REQUIRED WORK: From the data below, return only the lines from the one with "Heavy Duty Metal Frame" through the one with "15. Slide ladder into ladder brackets.", exact and inclusive, with pictures left out.

GIVEN RECORDS:
[Start of Attachment]
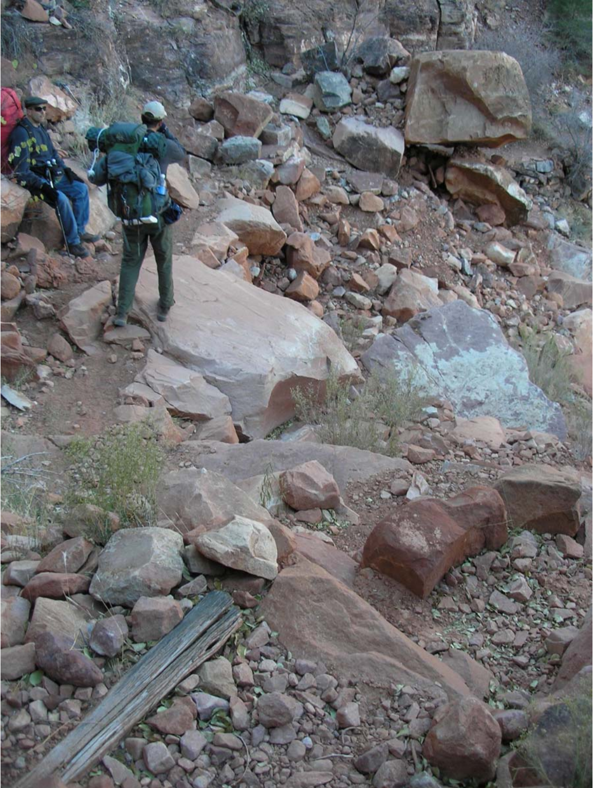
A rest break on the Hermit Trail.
[End of Attachment]
[Start of Attachment]
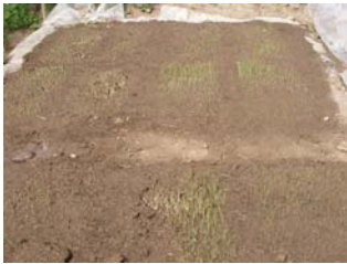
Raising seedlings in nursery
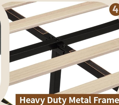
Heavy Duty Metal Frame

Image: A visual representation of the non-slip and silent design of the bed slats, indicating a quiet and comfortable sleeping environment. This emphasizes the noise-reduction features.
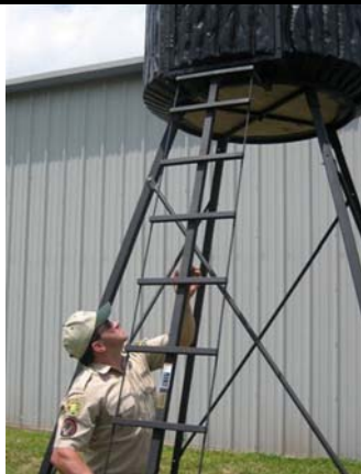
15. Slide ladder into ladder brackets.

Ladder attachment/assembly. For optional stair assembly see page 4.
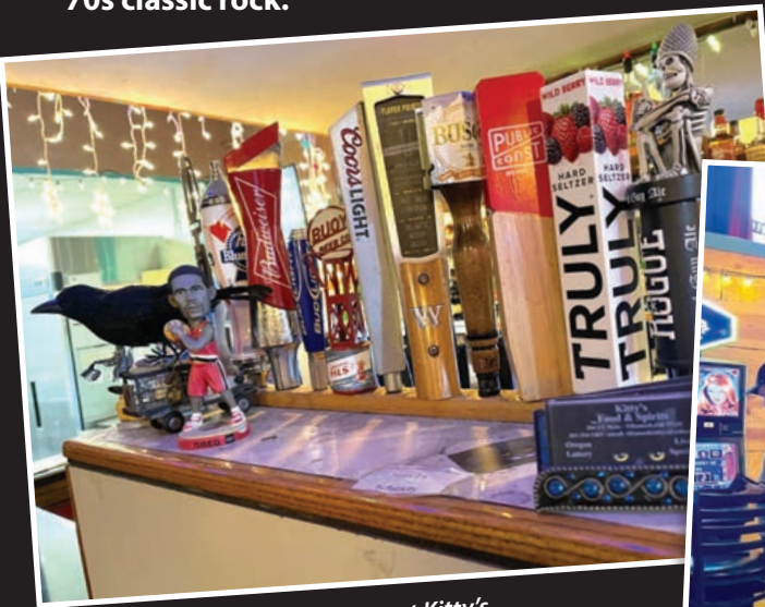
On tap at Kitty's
[End of Attachment]
RESPONSE FOR THIS EXERCISE:
Heavy Duty Metal Frame

Image: A visual representation of the non-slip and silent design of the bed slats, indicating a quiet and comfortable sleeping environment. This emphasizes the noise-reduction features.
15. Slide ladder into ladder brackets.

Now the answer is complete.